In the words of Dennis Miller, "I don't want to get off on a rant here, but…"

There's something that drives me crazy and I see it in so much Ruby code. I see it in the documentation for our key projects; I see Rubyists of all skill levels doing it; it's just everywhere.

Let's talk about when the use of a Class is and is not appropriate.

The Chained new()

Here's an example of one form of code that bugs me:

class Adder
  def add(n)
    40 + n
  end
end
p Adder.new.add(2)

The problem here is that a Class has been used, probably because as Rubyists that's always our default choice, but it's the wrong fit for this code. A Class is for state and behavior. The example above is just using behavior. No state is maintained.

A handy tip for sniffing out this problem is watching for a call to new() in the middle of method chaining as we have here. If you always use a Class like that, it's not really a Class. Put another way, if an instance never gets assigned to a variable, something has likely gone wrong with the design.

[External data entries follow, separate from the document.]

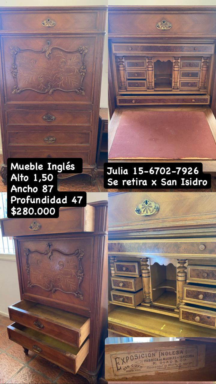 <b>Antiguo Mueble Inglés - Excelente Estado</b><div><br></div><div><b>Descripción:</b></div><div>Elegante mueble de estilo inglés en madera de alta calidad con delicada marquetería floral y herrajes de bronce originales. Una pieza clásica que combina espacio de guardado con un escritorio funcional oculto.</div><div><br></div><div><b>Detalles del interior</b>: Cuenta con "nido de abeja" (múltiples cajoncitos internos) y secreter forrado en cuero/tapiz rojizo.</div><div><b><br></b></div><div><b>Medidas:</b> 1,50 m (Alto) x 87 cm (Ancho) x 47 cm (Profundidad).</div><div><b><br></b></div><div><b>Estado:</b> Muy bien conservado, con marcas de uso auténticas que resaltan su antigüedad.</div><div><br></div><div>Ubicación: Se retira por San Isidro.</div><div><b><br></b></div><div><b>Precio: $280.000</b></div>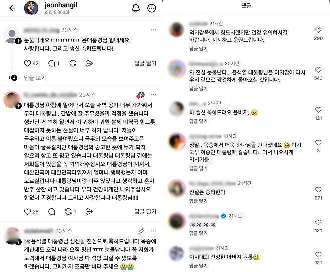 | ▲ 18일 윤석열씨가 옥중에서 낸 비상계엄을 옹호하는 메시지가 SNS를 통해 지지자들 사이에서 공유되며 응원 댓글이 달리고 있다. 왼쪽은 전한길씨가 '스레드'를 통해 공유한 윤석열 메시지의 응원댓글, 오른쪽은 극우 청년단체 자유대학이 인스타그램을 통해 공유한 윤석열 메시지의 응원댓글 |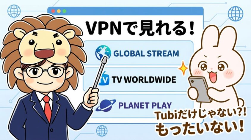 | Tubi + VPN | 約308円〜 (VPN代のみ) | 50,000本以上 | あり |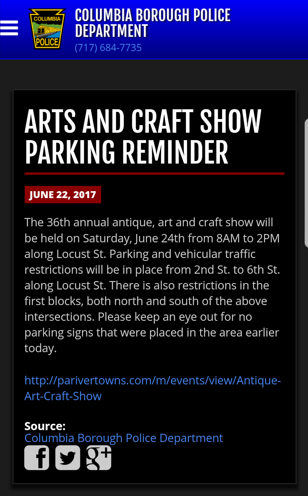 0 thoughts on “Parking and Traffic Restrictions for Saturday's ARTS & CRAFTS Show”

Here's a slightly trickier version:

class Adder
  def initialize(n)
    @n = n
  end

  def add(n)
    @n + n
  end
end

Does this code have the same problem? It depends on how it gets used. If it's always used with a chained new() then it's the same thing we looked at above:

p Adder.new(40).add(2)

State isn't really being tracked here. It's just an illusion.

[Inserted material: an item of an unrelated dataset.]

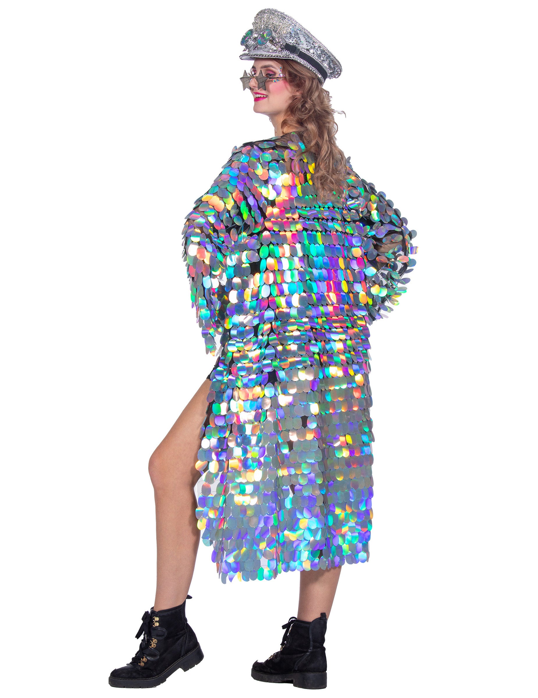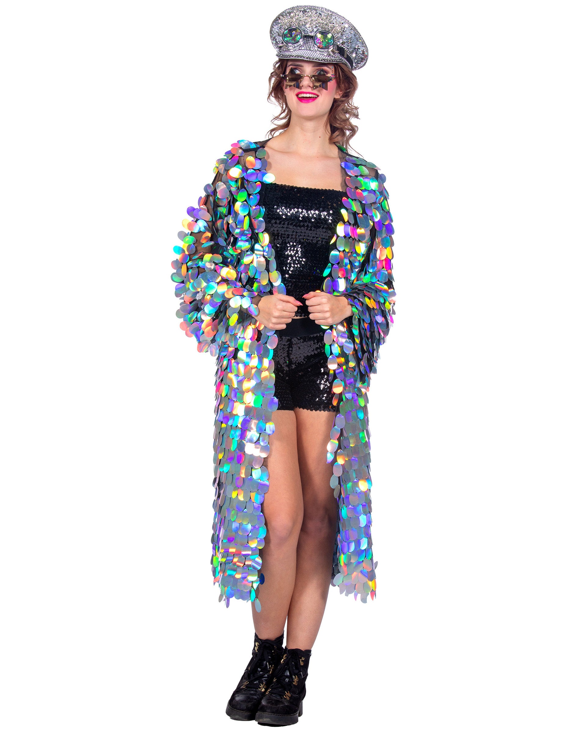 Navržena z lehké a pohodlné látky, je celá pokrytá velkými duhovými flitry, které odrážejí světlo při každém pohybu a vytvářejí oslnivý efekt. Její volný a splývavý střih umožňuje snadné nošení přes šaty nebo elegantní soupravu, přičemž zajišťuje eleganci i pohodlí. Precizní zpracování podtrhuje její prémiový vzhled a dodává jí jedinečný styl, který rozhodně nezůstane bez povšimnutí.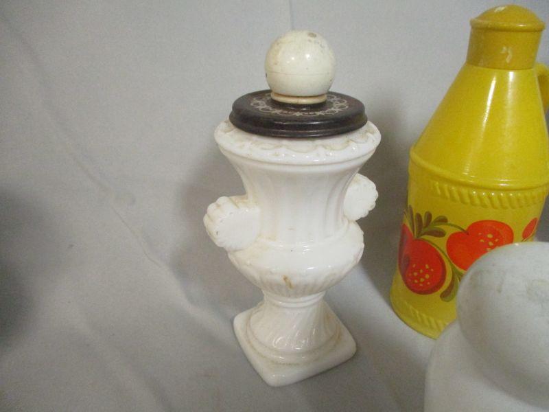 Please see the pictures for more details. The main issue is that they need to be cleaned. The bowling pin bottle still has product in it.

However, it may be fine if the Adder is sometimes used like this:

forty = Adder.new(40)
puts "40 + 1 = #{forty.add(1)}"
puts "40 + 2 = #{forty.add(2)}"
puts "40 + 3 = #{forty.add(3)}"

Note the variable assignment. As I said before, this is our hint that things are on the up and up. In this case, some value is locked-in so we can then run some experiments on it. That initial value is state, so this is a fine use for a Class.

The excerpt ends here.